Output only the lines that run from the line holding "This board however" to the end of the data below, including both ends, without any pictures.

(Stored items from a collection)
****
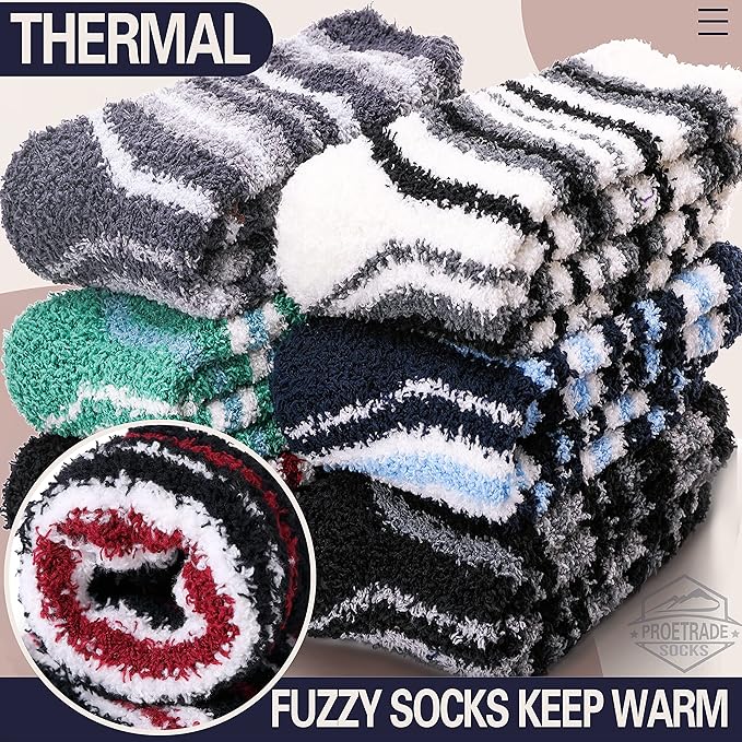 Microfiber lining [ANTI SKID& HIGH ELASTIC ] This warm fuzzy socks designed with slip resistant grippers and high elastic microfiber fabric. The grip sole prevents you from falling while moving,and the high ealstic fabic with soft touching make your feet more comfortable. [SOFT & FUZZY & COZY ] The anti slip slipper socks is blend of high quality materials, super soft coral velvet inner design, It's very soft, comfortable and breathable, no itching issue. They are great gift and perfect socks for womens and mens. [SIZE ] These anti slip fuzzy socks come is a standard US SIZE ,suitable for men’s shoe sizes 6 - 11/ women’s shoe sizes 6-12, so everyone can enjoy these non skid warm socks. [FIT MANY OCCASIONS] This fuzzy grips socks are suitable for many situation, you can wear them as cabin socks, sleeping socks, home socks, Christmas socks, slipper socks, thermal socks, microfiber socks, house socks, cozy socks,fleece lined socks in cold seasons. [BEST GIFT CHOICE] This fluffy fuzzy socks will be a perfect present for christmas gift, white elephant gift, birthday gift, gag gift, mother's day gift, christmas stocking stuffer, valentines day gift or halloween gift.
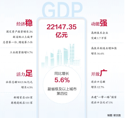 长江日报讯(记者陈永权)1月28日,武汉市统计局、国家统计局武汉调查队发布2025年武汉经济“成绩单”。初步核算,去年全市地区生产总值(GDP)达22147.35亿元,按不变价格计算,同比增长5.6%,增速高于全国、全省水平,位于副省级及以上城市第四。
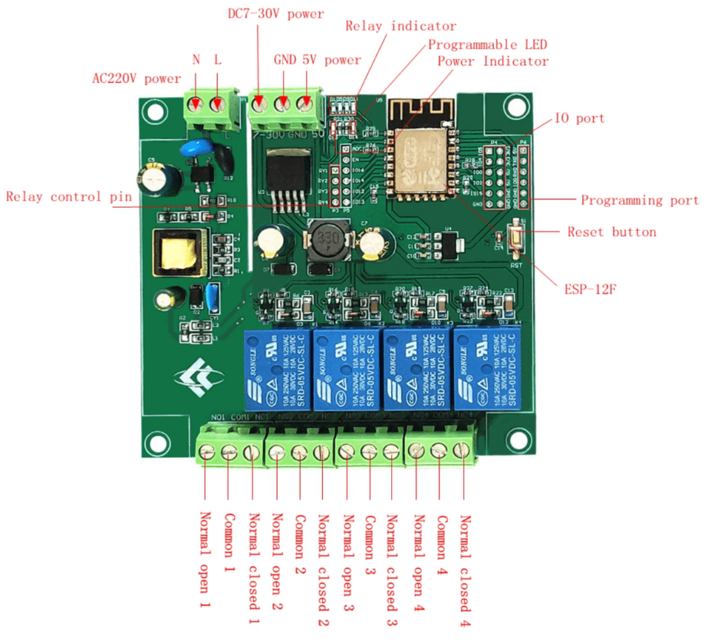 This board however goes a stage further and offers not only 220vAC input, but also 7-30v DC and 5V input. It has 4 10A relays and connectors for spare GPIO and FTDI – which makes programming it up for Tasmota a snap. So, kind of like the Sonoff 4CH Pro but cheaper and more flexible but uncased.
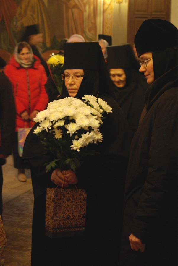 Также прибыла поздравить отца Филиппа и настоятельница Успенского Дуниловского женского монастыря игумения Ольга (Соколова).
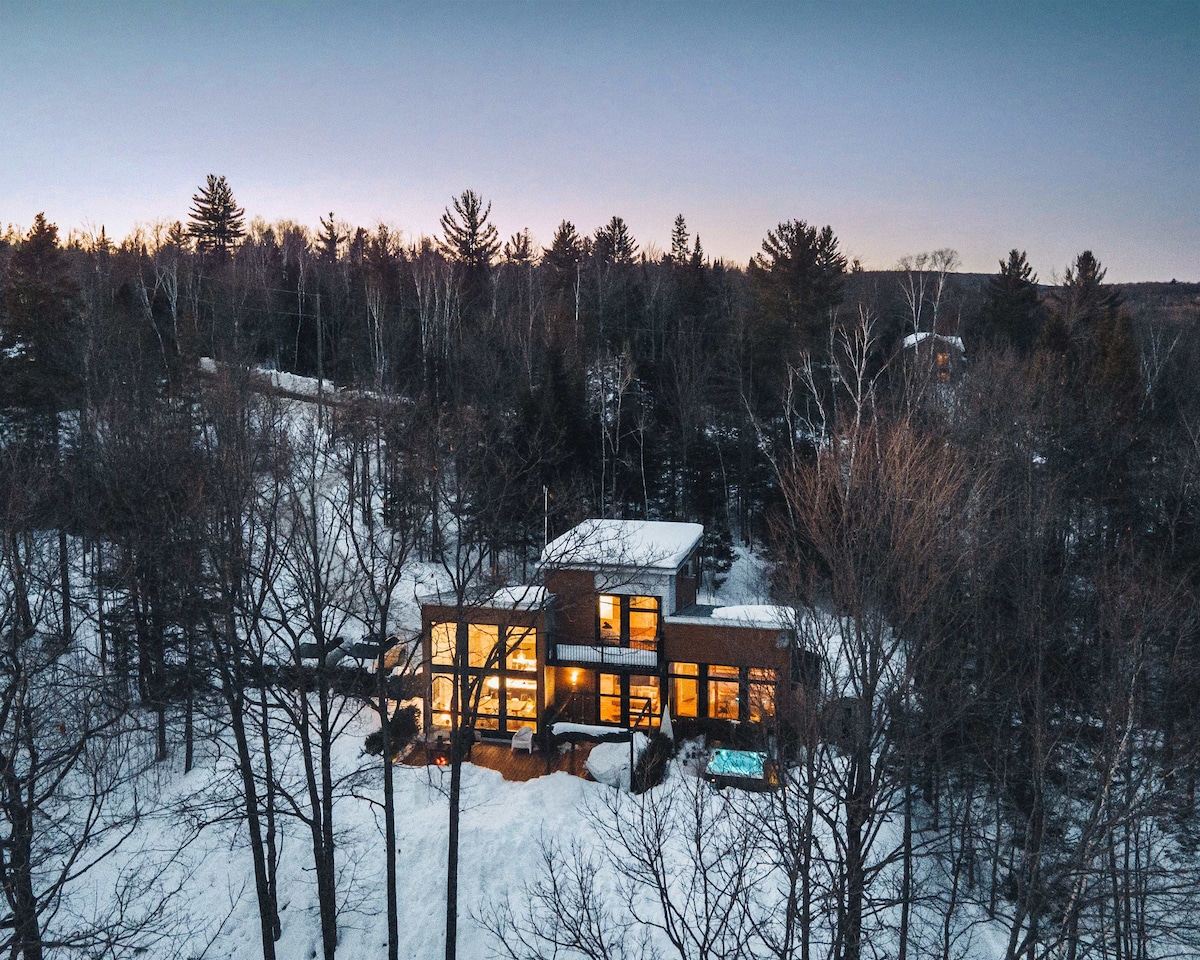 Our Nordic forest chalet is perfect for spending quality time as a couple (or with a kid), or for a work-retreat (with high-speed WiFi). The wooden interior is warm and cozy. The full-height windows offer stunning views over a forested valley. The open-concept kitchen and living room keep you in the conversation while cooking. If you prefer to cook outside, there is a fire pit with a grill and outdoor dining table. Only 70-min drive from Montreal. The lake is a 25-min walk if you park nearby.
****
WRITTEN RESPONSE
 This board however goes a stage further and offers not only 220vAC input, but also 7-30v DC and 5V input. It has 4 10A relays and connectors for spare GPIO and FTDI – which makes programming it up for Tasmota a snap. So, kind of like the Sonoff 4CH Pro but cheaper and more flexible but uncased.
 Также прибыла поздравить отца Филиппа и настоятельница Успенского Дуниловского женского монастыря игумения Ольга (Соколова).
 Our Nordic forest chalet is perfect for spending quality time as a couple (or with a kid), or for a work-retreat (with high-speed WiFi). The wooden interior is warm and cozy. The full-height windows offer stunning views over a forested valley. The open-concept kitchen and living room keep you in the conversation while cooking. If you prefer to cook outside, there is a fire pit with a grill and outdoor dining table. Only 70-min drive from Montreal. The lake is a 25-min walk if you park nearby.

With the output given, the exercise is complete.